Did the leaders of the DPP not only over emphasize the potential impact of exercise on obesity, and their ability to manage the program and underestimate the program's costs; but also get their arithmetic wrong in planning the roll out of Healthier You? The DPP leaders must have known that each year for the past 10 years there have been some 100,000 new diagnoses of T2DM. Even if we assume that: (i) there will be no future increase in the incidence rates of obesity and T2DM, (ii) by 2020 Healthier You will be 100% effective in recruiting its annual target of 100,000 at risk people, (iii) Healthier You will be 100% successful in changing the diets and lifestyles of the 100,000 people it recruits each year, and (iv) the annual death rate from diabetes-related causes will remain constant; the conclusion is unavoidable that although the DPP will be spending a minimum of £35m a year to deploy personal trainers, there will still be millions of overweight and obese people, and the incidence rate of T2DM will still be vast and escalating. The T2DM epidemic will not have been dented.
 
 Accountability
 
The UK’s Secretary of State for Health says, “We will be looking closely at the results of this programme.” Does this mean that its leaders will be accountable? To date, the UK government’s record on making people accountable for diabetes care and education is poor.
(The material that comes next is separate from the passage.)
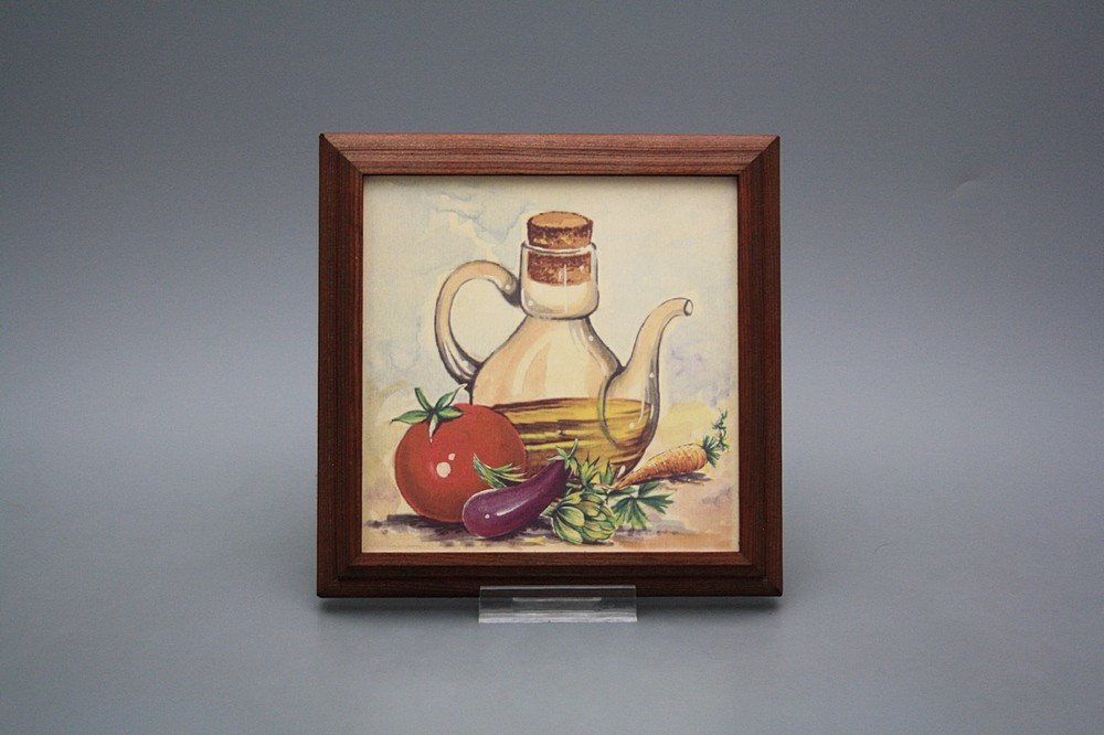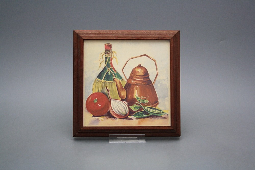Keramisches Bild zum Aufhängen mit Holzrahmen.
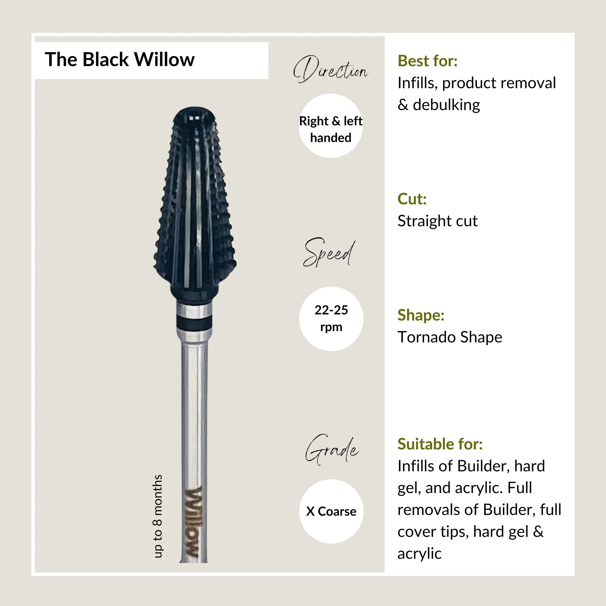his piece is perfect for infills of Builder, hard gel, and acrylic. Full removals of Builder, full cover tips, hard gel & acrylic.

An earlier Commentary drew attention to the fact that UK diabetes agencies responsible for spending millions each year on diabetes education and awareness programmes which fail, only report on the distribution of services, rather than on the impact those services have had on patient outcomes, which is the most appropriate way of measuring the Healthier You’s effectiveness.  See, The importance of measuring the impact of diabetes care. 

 
Takeaways
 
What will Healthier You achieve?  Given the success of the English pilot studies and the success of the similar American diabetes prevention program, it seems reasonable to expect Healthier You to produce some improvement in the overall situation. However, the scale of the problem is so vast, its management infrastructure so weak, and the impact of exercise on obesity so little, that Healthier You is unlikely to have more than a relatively small impact. The size of the UK population at risk of T2DM is so great that much more modern and efficient tools are needed to get to grips with the problem and make a real difference. A future Commentary will be devoted to describing some of the technological advances being made to tackle obesity and T2DM.
 
Preventing T2DM is too important to be entrusted to our well-resourced clinical establishment that has failed to dent the large and rapidly rising burden of the condition. Preventing T2DM requires leadership and an efficacious strategy, which in the short term, innovates and leverages the use of mobile technologies to engage millions of at-risk people, and nudge them to become permanently enthusiastic about changing their diets and lifestyles; in the medium term, recruits corporates, educational establishments, restaurants, and faith groups into the overall prevention strategy; and in the long term, promotes changes in our environment so that we are obliged to live healthier lives.